Remaining useful life (RUL) prediction is essential to ensure safety and reliability of engineering systems. To achieve better prediction performance, causalities among the physical quantities are considered by applying Bayesian Network (BN) to RUL prediction. For this purpose, several improvements on BN modeling are made in this paper, to handle the closed-loop control structure of engineering systems, and to improve prediction performance with reduced complexity.

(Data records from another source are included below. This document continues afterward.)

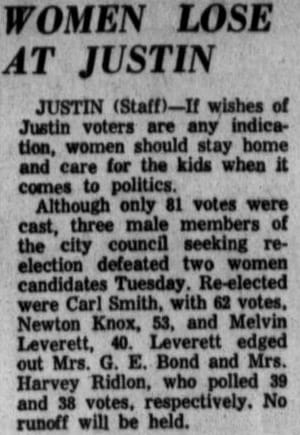 They lost to Carl Smith, who received 62 votes, Newton Knox (owner of Justin Bank) with 53 votes, and Melvin Leverett with 40 votes. With three council positions available, both women came extremely close, falling short by just one and two votes respectively.
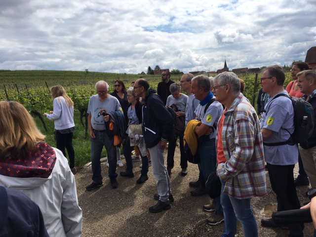 RV chez le viticulteur à partir 10 h 30. A 11 h départ de la promenade guidée par Mme Dischler qui, tout au long, donnait des explications quant aux travaux dans les vignes et les différents cépages.
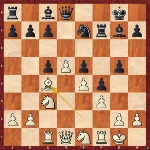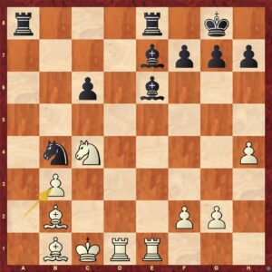 Zajímavá pozice vzniklá z výměnné španělské hry. Bílý se mírně ukvapil uzavřením centra 1.d5?! Černý musí hrát aktivně a právě teď je ten správný čas! Nejlepší je okamžité 1. ... g5! s protihrou.
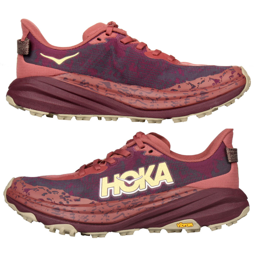 Hoka One One Speedgoat je jeden z najpopulárnejších modelov, ktorý je navrhnutý do technicky náročnejšieho terénu. Už šiesty rad ponúka pohodlie vďaka osvedčenému tlmeniu a skvelú trakciu aj na drsnejšom povrchu vďaka technológii Vibram® Megagrip s konštrukciou Traction Lug. Model Speedgoat 6 si zachováva rovnakú výšku podrážky a tvar kolísky ako predchádzajúci model, využíva ľahšiu zmes materiálu v medzipodrážke a priedušný zvršok z tkanej textílie pre ľahký a zároveň komfortný beh. - ľahký tkaný zvršok
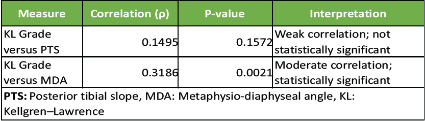 Results: The mean PTS was 14.67° (standard deviation [SD] ± 3.03), and the mean MDA was 22.22° (SD ± 2.20). PTS and MDA showed a moderate positive correlation (r = 0.335, P < 0.01). MDA was significantly associated with KL grades (ρ = 0.3186, P = 0.0021), whereas PTS showed no statistically significant correlation (P = 0.157). Multiple regression confirmed MDA as a significant predictor of KL grade (P = 0.031).
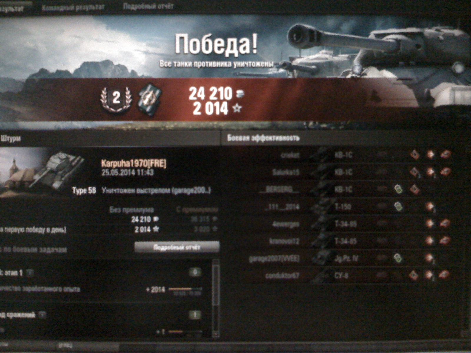 Оказывается можна и КВасы мочить китайсем тип-58.Нужён токо подход правильный.не знаю как скрины делать или как там.Фото сделал.Хотя в конце замочили.Похоже что арта долбонула. Сволочь. Востаннє редагував Вовчик: 26.05.2014 о 13:54. |
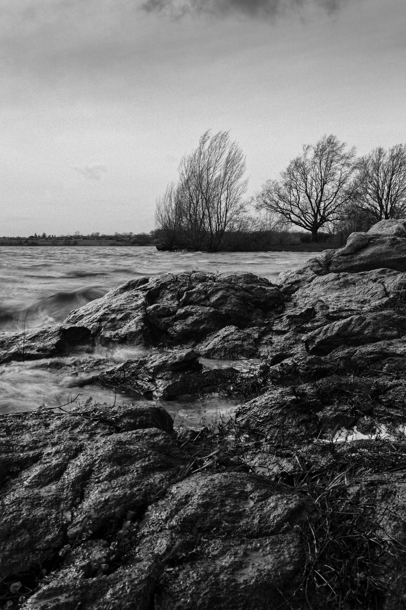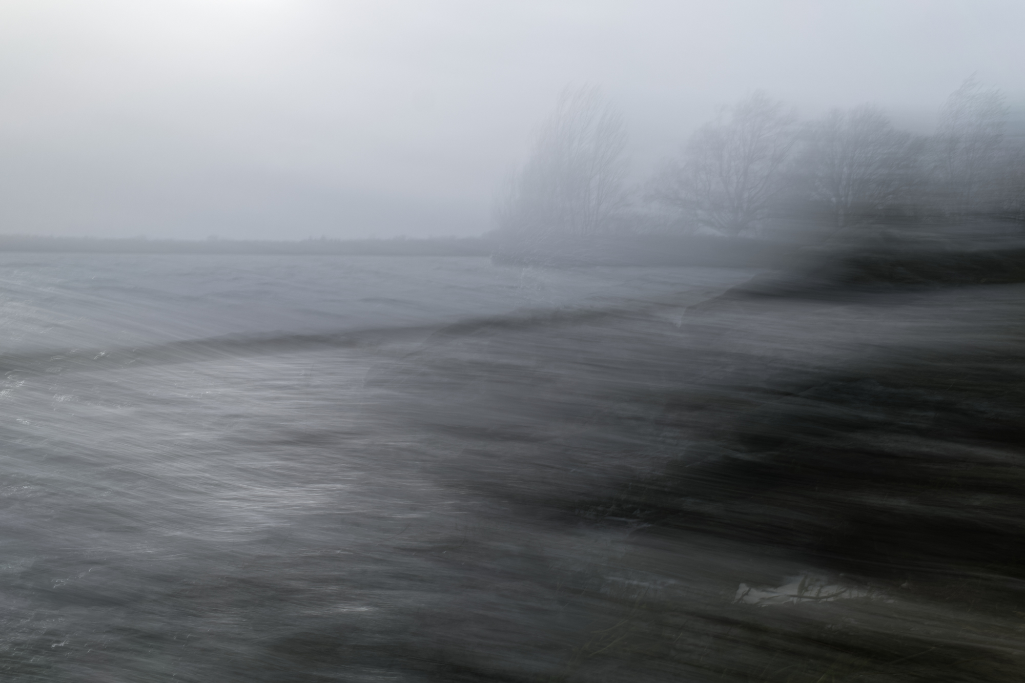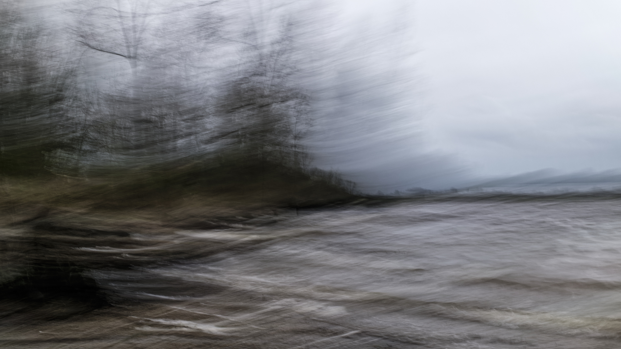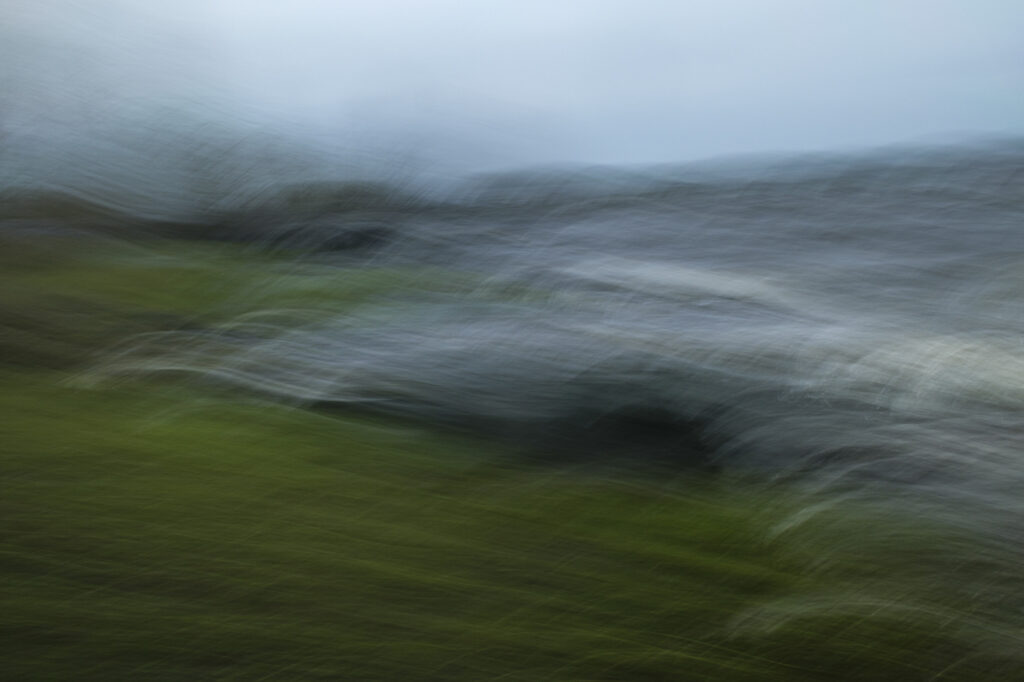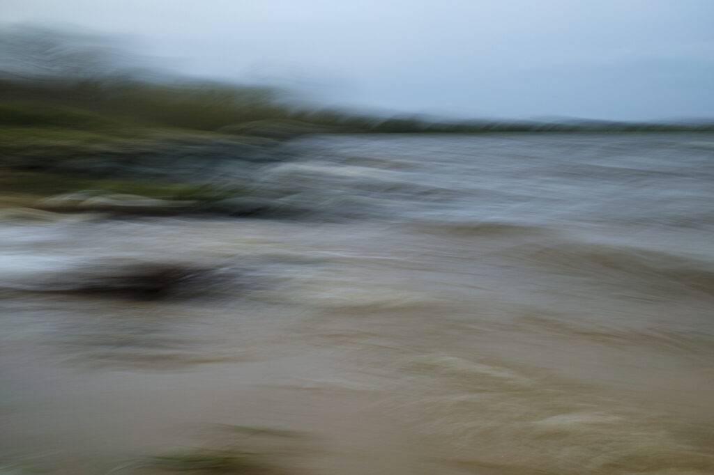 Le paysage sous la tempête. Recherche personnelle avec le filtre ND4 intégré de l’appareil. Quelques secondes de temps de pose, la règle pour que le sujet soit identifiable est que la moitié de l’exposition s’effectue avec le boîtier fixe sur trépied et pour l’autre moitié, on déplace le pied plus ou moins rapidement en fonction de l’effet recherché, ne pas hésiter à multiplier les essais !
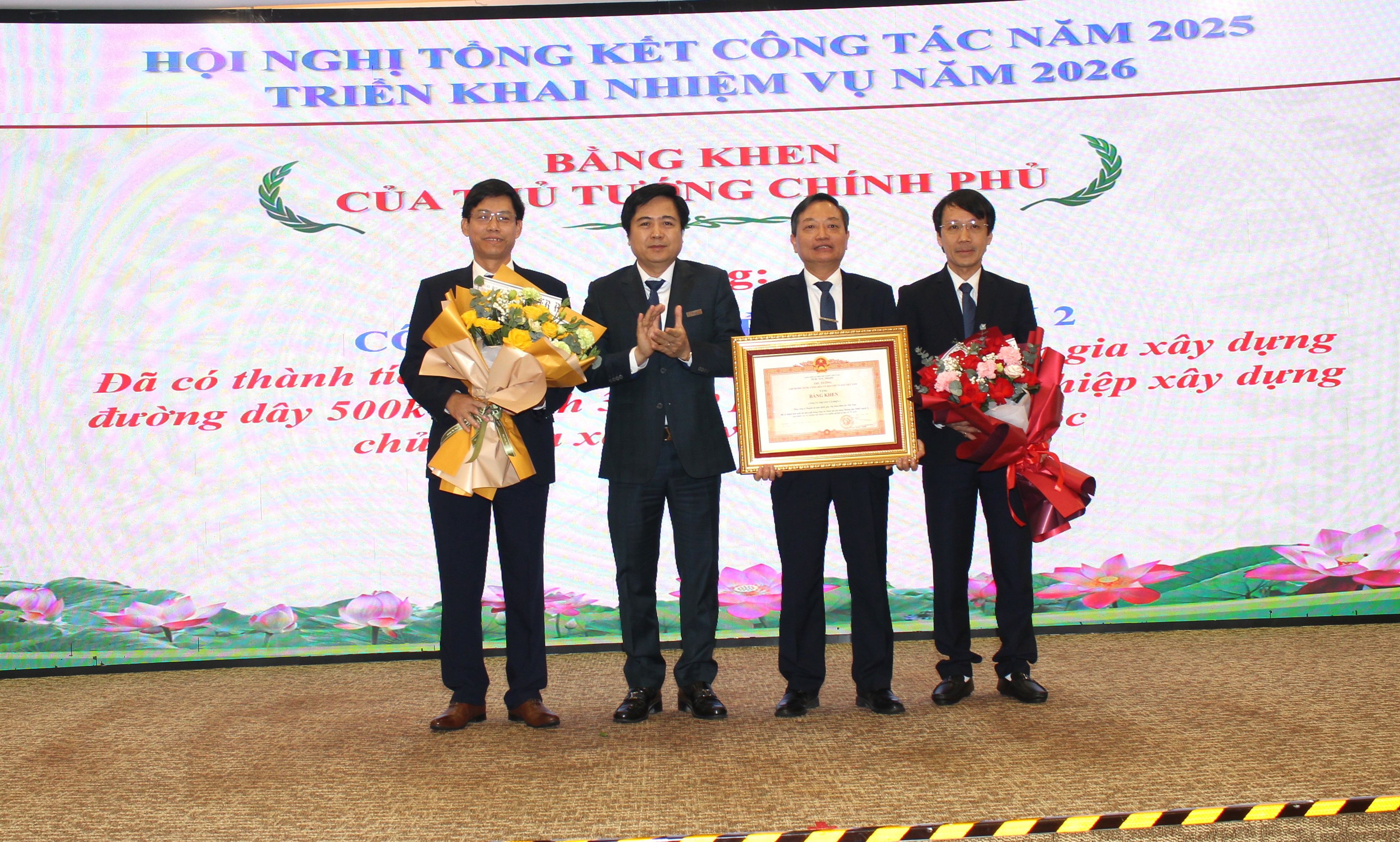 Ông Trương Hữu Thành - Phó Bí thư Đảng ủy - Quyền Tổng giám đốc EVNNPT tặng Bằng khen của Thủ tướng Chính phủ cho tập thể PTC2
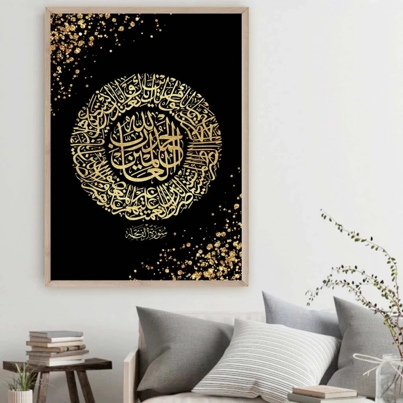 Исламский художественная стена с цитатой плакат Сура Аль Фатиха арабская каллиграфия рамки на холсте религиозное мусульманское искусство стены для домашнего декора
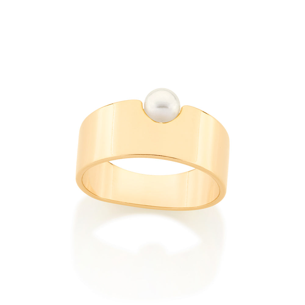 Rommanel presents another collection with our muse Ana hickmann, eternal love, which was inspired by the depth of a Mothers day love. gold plated ring with a thick band featuring one (1) synthetic pearl measuring 5mm at the center. | stone: synthetic pearl. | material: 18k gold plated. "
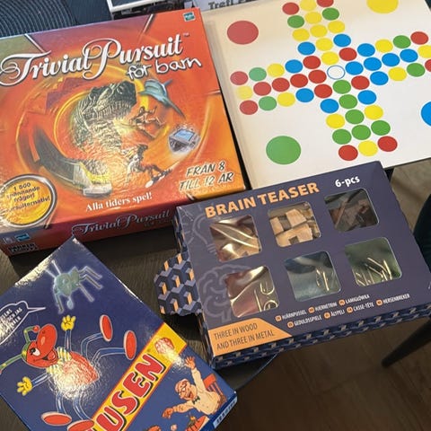 Säljer ett rejält paket med blandade sällskapsspel, perfekt för spelkvällen, festen eller familjemiddagen. Här finns något för alla åldrar – från fartfyllda ordlekar till kluriga frågesporter.

Taking the traction converter of CRH2 trains as the object of the research, a closed-loop Bond Graph (BG) model is firstly developed to describe the causality of multi-domain physical quantities, which is then transformed to be a BN structure. Then, multi-dimensional features are extracted from the condition monitoring data and are used as the inputs to the nodes of BN model. Finally, Restricted Boltzmann Machines (RBMs) are used to further extract the latent features that cannot be directly observed or measured, but greatly improve the accuracy of the BN based RUL prediction. Case study is conducted using a hardware-in-loop simulation platform for traction system of China Railway High-speed (CRH2) trains, to predict RUL of the DC-link circuit with degradation of capacitance or resistance. The experimental results can show the validity and superiority of the proposed RBMs-BN based RUL prediction method.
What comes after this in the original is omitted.